1.1.1 SRCS AND NORWEGIAN RED CROSS – BACKGROUND IN SOMALIA
Decades of protracted conflict, coupled with natural and climate change related hazards such as drought, cyclone and flooding have increased the Somali population vulnerability to chronic food insecurity, diseases outbreak, malnutrition, and resulted in inadequate access to safe drinking water, sanitation and basic health care services.
Drought has driven food insecurity to crises levels across the country, with losses of livestock, pastureland and food. Drought led to the displacement of an estimated 943,000 people across the country from November 2016 to October 2017. 6.2 million people (corresponding to half of the population in Somalia) are acutely food insecure and in need of urgent life-saving assistance. This, together with a lack of clean drinking water and access to health facilities, are causing rising morbidity and mortality rates and severe long-term impacts on livelihoods and assets. Somalia displays one of the worst infant and young children feeding and micronutrient indicators in the world. As of end of October 2017, over 363,000 children were suffering from acute malnutrition and in need of urgent treatment and nutrition support.
Despite the progress that has been made by the Somalia government in re-establishing state structures, there remains a lack of public health service institutions to meet all the humanitarian needs of the population. The SRCS, which was established in 1963, continues to play a significant role in filling the gap in the health service delivery system. SRCS is currently the second largest primary health care service provider in Somalia and operates through a network of 19 branches and 130 sub-branches with activities spread all across the country.
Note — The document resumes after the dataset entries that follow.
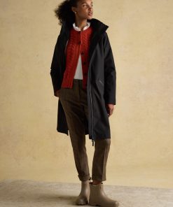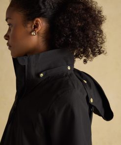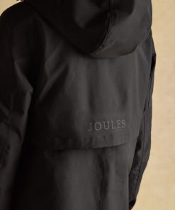 Joules Women’s Rainaway Black Lightweight Waterproof Longline Raincoat With Hood | Black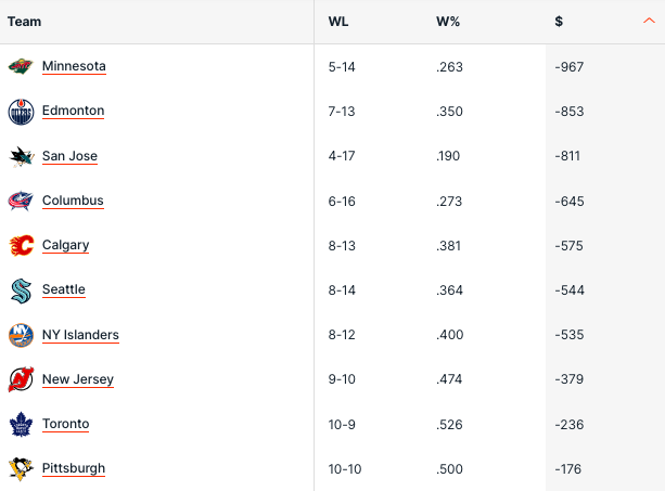 La peggior squadra su cui puntare non è più San Jose Sharks (-8.11) da un un pò, con Edmonton Oilers (-8,53) e Minnesota Wild (-9.67) che stanno facendo anche peggio nei conti degli scommettitori. Completano questa flop-5 Columbus e Calgary.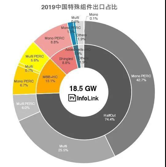 與2018年相比,2019年特殊組件出口總量從2.5GW擴(kuò)增至18.5GW,半片出口從2.1GW增加至13GW,新增了MBB+HC組件技術(shù)出口2.4GW,疊瓦由0.3GW提升至1.6GW,2019年除了半片以外,其他組件技術(shù)出口占比也提升,由此可見特殊組件的市場(chǎng)需求蓬勃且技術(shù)種類更多元。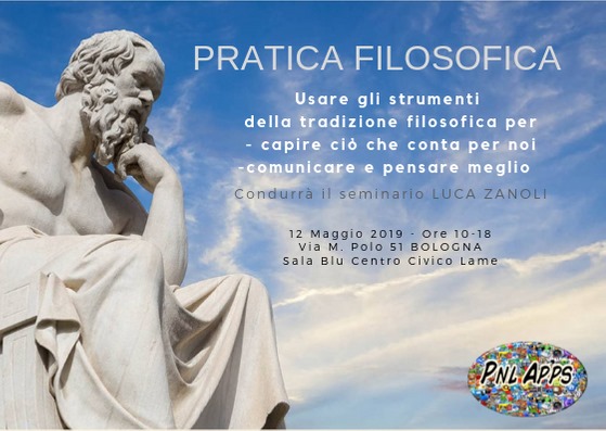 PNL Apps organizza per il 12 maggio 2019, (ore 10-18) presso la sala Blu del Centro Civico Lame, in via M. Polo 51 a Bologna, un seminario intitolato, “FILOSOFIA APPLICATA”, condotto da Luca Zanoli.

With the support of Red Cross Red Crescent Movement (RCRC Movement) partners, SRCS has been running over 150 health clinics, stationary (100) and mobile (50) clinics. SRCS works in close cooperation with the Federal Ministry of Health, the Ministries of Health of the Federal Member States and other health actors, with the aim of the governments, with time, taking over more of the health services.
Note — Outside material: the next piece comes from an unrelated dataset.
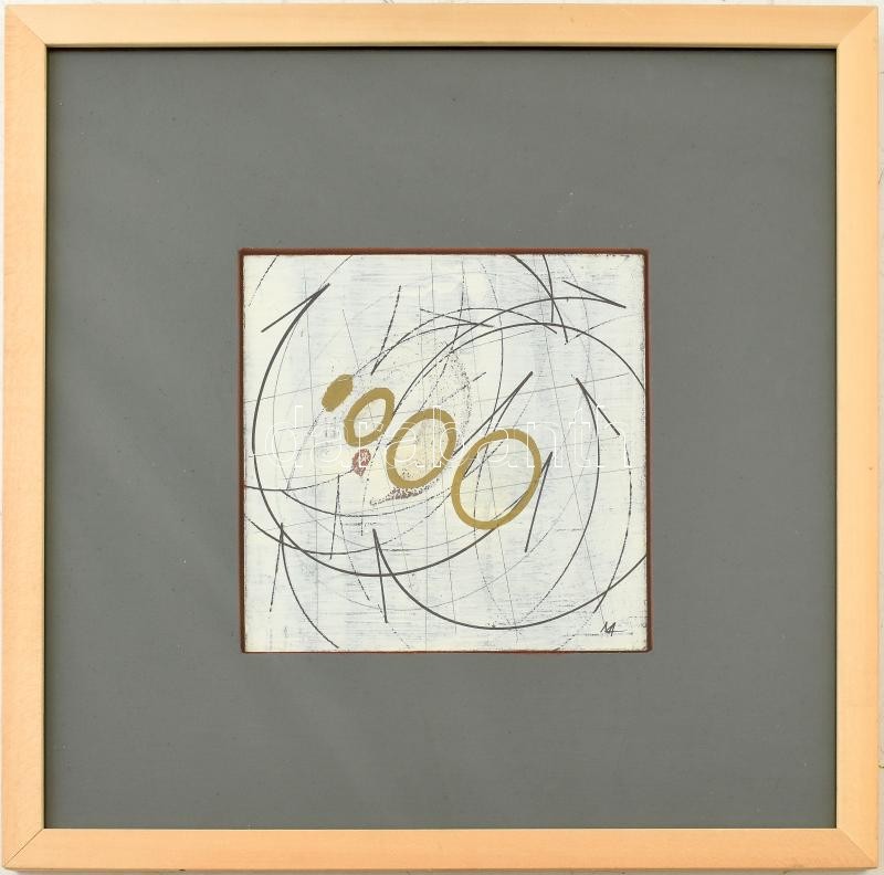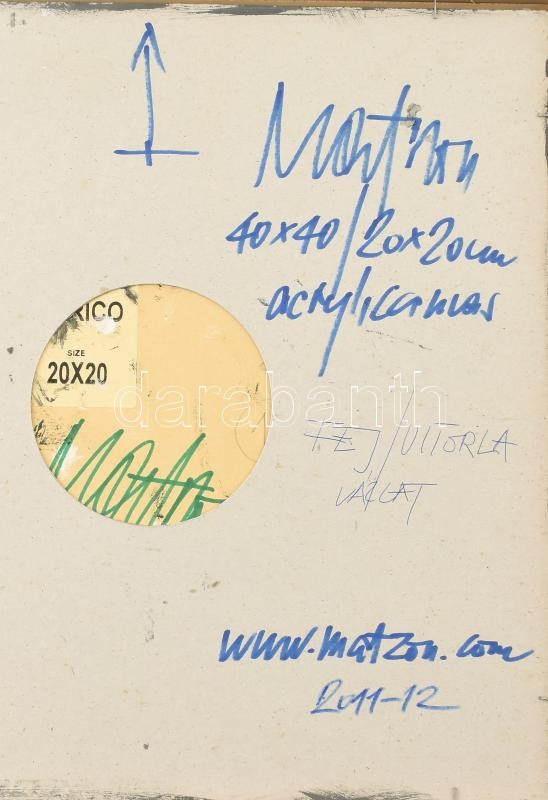 Matzon Ákos (1945-): Fej, vitorla, vázlat, 2011-12. Akril, olaj, vászon, kartonon, jelzett. Hátoldalán is jelzett és datált, valamint a művész autográf feliratával. Üvegezett fa keretben. 20x20 cm/ Acrylic and oil on canvas, mounted on board, signed and dated on the back. With the artist's autograph description on the reverse. Framed with glass. 20x20 cm

While Norcross started working with SRCS since the early sixties, the first signed co-operation agreement between NorCross and SRCS is dated 1982. Following this, the physical rehabilitation program in Somalia was launched following the 1993 telethon fundraising. The bilateral relationship between SRCS and NorCross has always been very close, with different operational modalities at different times – based on the prevailing situation. In addition to the support on health interventions, NorCross is also one of the main supporters to the core structures of SRCS, which has contributed to reinforce the national society’s position and capability to respond to humanitarian needs and crises in Somalia. NorCross is continually engaged in strengthening SRCS capacities through the national society development activities, with current focus on finance development and resource mobilisation.
1.2 Project background and description
The Sustainable Development Goals (SDGs) call for universal access to safe water, dignified sanitation and hygiene (WASH) for all by 2030. For children, this extends beyond the confines of the household to a child’s place of school and play. With children spending several hours a day and over a decade of their growing years in schools, basic access to sustainable WASH in schools is not only crucial for their health and well-being, but also a fundamental human right. The SDGs exhort countries to build and upgrade education facilities that are child-, disability- and gender-sensitive, and equipped with basic drinking water, single-sex basic sanitation and basic hand washing facilities.
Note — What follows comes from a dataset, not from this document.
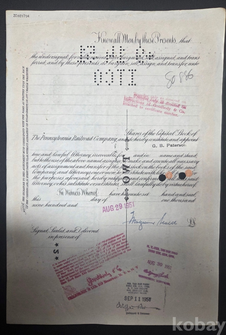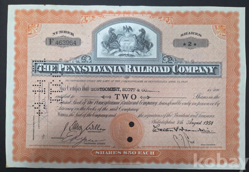 - 1951년 2주권 / THE PENNSYLVANIA RAILROAD COMPANY

Safe and high-quality WASH interventions are fundamental to preventing and controlling infection in health facilities, tackling antimicrobial resistance, and ensuring quality of care – a prerequisite for achieving universal health coverage. WASH in health facilities broadly refers to the quantity and quality of, and access to, water, toilets, health care waste management, and hand hygiene facilities; the cleanliness of the environment; and the knowledge and practices of safe hand hygiene.
In addition, when it comes to healthcare facilities, there are several sources of environmental emissions which can negatively contribute to the SDGs. These sources include use of energy, health waste management, water, procurement, and transport. There is also increasing evidence to show how energy-efficient and climate-friendly health services can improve health, while contributing to savings in resources and costs.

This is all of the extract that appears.